No que se refere ao êxito do recalque na Histeria de conversão, podemos considerá-lo em dois aspectos: em um primeiro, podemos considerar falho pelo fato de que fica-se buscando uma grande quantidade de substitutos no corpo (em sua maioria) para aquilo que foi recalcado; por outro lado, podemos considerar o recalque na histeria de conversão alcançando êxito pelo fato de que “(...) o processo do recalque é completado pela formação do sintoma, e não precisa, como na histeria de medo, continuar até uma segunda fase – ou antes, rigorosamente falando, continuar interminavelmente. (Freud, 1915/1974, p.180).

sexta-feira, 24 de junho de 2016

O recalque na histeria de medo.


Antes de começarmos a discutir o que Sigmund Freud, em seu artigo Recalque (1915), fala especificamente a respeito da Histeria de medo, vamos esclarecer um ponto que, dentre as edições que usamos para as nossas discussões semanais em nosso grupo de pesquisa, se faz muito presente: medo, ansiedade ou angústia?

A Standard Edition usa, ao longo da obra freudiana, a palavra ansiedade para traduzir o alemão Angst. Por exemplo, no artigo Recalque (1915/1974, p. 178),utiliza-se a tradução Histeria de ansiedade; temos também um famoso artigo, Hemmung, Sympton und Angst, traduzido por Inibições, sintomas e ansiedade (1926[1925]/1974). Na Edição da Companhia das Letras, o artigo sobre o Recalque[1](1915/2010), encontramos Histeria de Angústia, para o outro artigo encontramos o título é: Inibições, sintomas e angústia.

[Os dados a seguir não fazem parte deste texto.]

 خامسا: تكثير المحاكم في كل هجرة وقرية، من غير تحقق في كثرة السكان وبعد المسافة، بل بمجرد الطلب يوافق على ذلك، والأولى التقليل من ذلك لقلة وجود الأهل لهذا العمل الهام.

Na tradução de Luiz Alberto Hanns para o artigo O Recalque, (1915/2004), edição que é traduzida diretamente do alemão para o português, temos a tradução Histeria de angústia, ainda que seja importante ver a nota 53 da pp. 191-192, onde o tradutor justifica a escolha do termo em detrimento do literal Histeria de medo. Na nota 49 (p. 191 deste mesmo texto) Hanns cita o outro artigo freudiano propondo a tradução Inibição, sintoma e medo. No original em alemão, a Gesammelte Werke, em todos esses momentos nos quais estas edições usam ansiedade ou angústia, é usada a palavra Angst que se traduz por medo. Sendo assim, justificamos os motivos pela qual utilizaremos durante esta postagem a palavra medo, ao invés de ansiedade ou angústia que é mais comumente utilizada no Brasil. Veremos como ela faz muito mais sentido no exemplo freudiano, em especial ao se ligar ao quadro de fobia.

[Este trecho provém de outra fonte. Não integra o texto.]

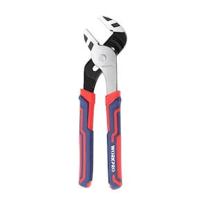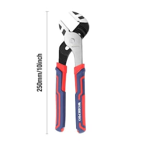 WORKPRO Alicate de junta de ranhura de 25 cm, alicate de bomba de água ajustável em aço CRV para reparo doméstico, aderência, porcas, parafusos, tubos e acessórios - Revestimento eletroforético transparente e coberto ajudará a evitar ferrugem. Limpe estes alicates antes de usar e guarde-os em um ambiente seco - Feito de aço 50CrV com superfície tratada termicamente e escurecimento garantirá maior dureza, melhor força de fixação, resistência e durabilidade. Bordas de corte endurecidas para maior facilidade de corte e polimento fino para resistência à corrosão - Alça bi-material para aderência antiderrapante e confortável, acabamento requintado com 3 cores oferece um lindo visual para você - Dureza tratada termicamente 45-50 HRC - Capacidade de mandíbula ajustável de 5 cm com 7 posições diferentes para melhor agarrar e girar

Na histeria de medo o recalque acontece da seguinte forma: o afeto permanece na consciência e a representação é afastada da consciência e então substituída. Para melhor entendimento do leitor, Freud apresenta um exemplo desse processo com base em uma fobia animal, a saber, o Homem dos Lobos, caso que, naquele momento, Freud já trabalhava, mas só iria publicar três anos mais tarde, em 1918.

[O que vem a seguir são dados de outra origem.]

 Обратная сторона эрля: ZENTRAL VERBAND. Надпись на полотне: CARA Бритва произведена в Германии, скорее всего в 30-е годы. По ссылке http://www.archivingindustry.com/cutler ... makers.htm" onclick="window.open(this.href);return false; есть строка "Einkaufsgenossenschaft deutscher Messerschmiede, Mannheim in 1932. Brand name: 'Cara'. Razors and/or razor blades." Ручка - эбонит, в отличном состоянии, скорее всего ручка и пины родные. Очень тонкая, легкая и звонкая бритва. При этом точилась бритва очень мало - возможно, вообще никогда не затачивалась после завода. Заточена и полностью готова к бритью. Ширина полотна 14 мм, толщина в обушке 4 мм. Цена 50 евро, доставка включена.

A fobia animal apareceu quando o Homem dos Lobos se deparou com a castração. Logo ele sentiu medo do pai, o “castrador”. O recalque acontece quando aparece justamente esse medo de ser castrado pelo pai. Assim, MEDO DE SER CASTRADO → MEDO DO PAI. Segundo Freud (1915/1974, p. 179, correções de tradução nossas), “a formação do substituto para a parcela ideacional [do representante pulsional] [a representação] ocorreu por deslocamento ao longo de uma cadeia de conexões determinada de maneira particular. A parcela quantitativa [o afeto] não desapareceu, mas foi transformada em medo”. Como a representação ligada ao medo do pai em função da castração foi removida da consciência, um substituto fóbico foi a solução. A partir daí a fobia se instaura, e como formação substitutiva, num segundo momento, por meio do processo primário de deslocamento, a representação que vai se ligar ao afeto que permaneceu no consciente. O que surge é o medo do animal, no caso, o medo do lobo.

Aqui podemos levar em consideração o aspecto econômico, pois no que se refere a evitar o desprazer, essa solução fóbica falha. O medo continua, a neurose continua, mas ao invés de ser o medo do pai, agora está destinada ao medo de um animal. Sendo assim o processo de recalque na histeria de medo, como diz Freud é falho porque ele precisa de dois momentos: o primeiro onde se desenvolve o medo, no caso do Homem dos lobos, do pai; mas que, como Freud mesmo coloca no artigo O Inconsciente (1915), primeiramente o indivíduo não sabe o que teme; e num segundo momento é onde se desenvolve a fobia, se identificando o objeto fóbico.




[1] Nesta edição temos como tradução para o Die Verdrängung alemão, o título A repressão.